Philip Collins
20 July 2009
What is it about your political beliefs that put you on the Left rather than the Right?
The priority of the least well-off. The belief that the biggest problems in domestic politics concern those people who, unrelated to their own efforts and talents, receive too little reward. The political Left takes this more seriously than the Right, which tends to be more quiescent. To be on the Left is to be restless and dissatisfied. I don’t like complacency and selfishness as individual traits and conservatism is complacency and selfishness elevated to the status of ideology.
What do you consider made you Left wing?
Disposition, inclination, friendships and reading. Everyone thinks that their beliefs come before their allegiance but it’s rarely as simple as that. It’s more likely that we have instincts and dispositions which are then confirmed by friends and solidified and legitimised by reading.
How would you describe the sort of society you want Britain to be?
A liberal republic in which people are free to choose their own account of the sort of society that they want Britain to be. The assumption that there should be a single answer to this question is the most common error on the Left.

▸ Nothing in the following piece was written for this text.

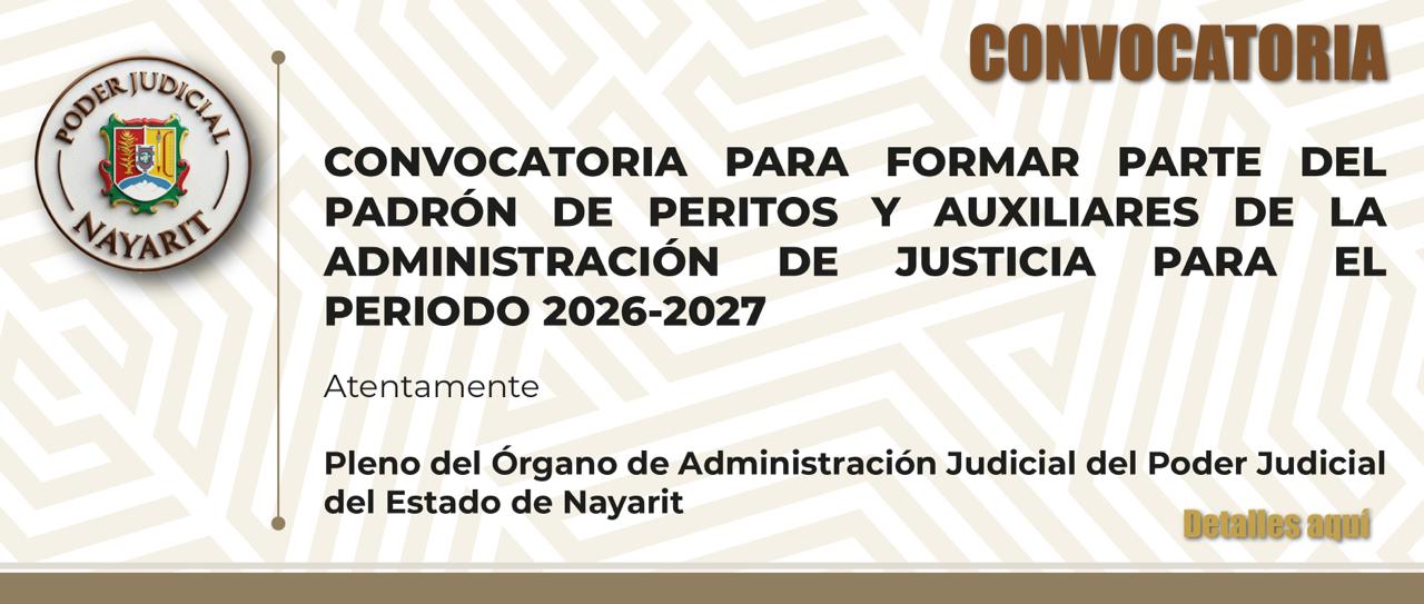 Se encuentra abierto el registro para integrar el Padrón de Peritos y Auxiliares de la Administración de Justicia del Poder Judicial de Nayarit
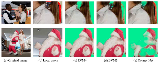 Figure 13 provides a detailed analysis of how RVM+ excels at capturing fine textures, hair strands, and facial details, emphasizing its ability to maintain high-quality segmentation results. BGMv2, while proficient in object segmentation, falls short in contour accuracy, occasionally resulting in minor mis-segmentation or blurred boundaries. ConnectNet, although adequate, tends to be less accurate than both RVM+ and BGMv2, exhibiting noticeable segmentation errors and reduced clarity in subject contours.

What one or two changes would make the biggest difference to bringing that about?
Inevitably, a liberal republic requires very many small changes rather than one large change. But it will be important to tax unearned income heavily and earned income lightly and it would be good if we used the state to transfer money to powerful citizens rather than act on the delusion that we can devise services centrally that will suit so many different individual needs.
What most makes you angry about the way Britain is now?
The fact that too many children, in a rich developed democracy, cannot read properly. It’s an extraordinary failure.
Which person, event, era or movement from the past should we look to for inspiration now?
John Stuart Mill, On Liberty: the crucial lesson is that beginning from an overarching vision of what we want, then commanding the state to wish it into being is just about the last way we ought to proceed. For the same reason I would recommend Edmund Dell’s A Strange Eventful History which piles up the evidence to show that the Labour party’s method is bound to fall short of its hopes.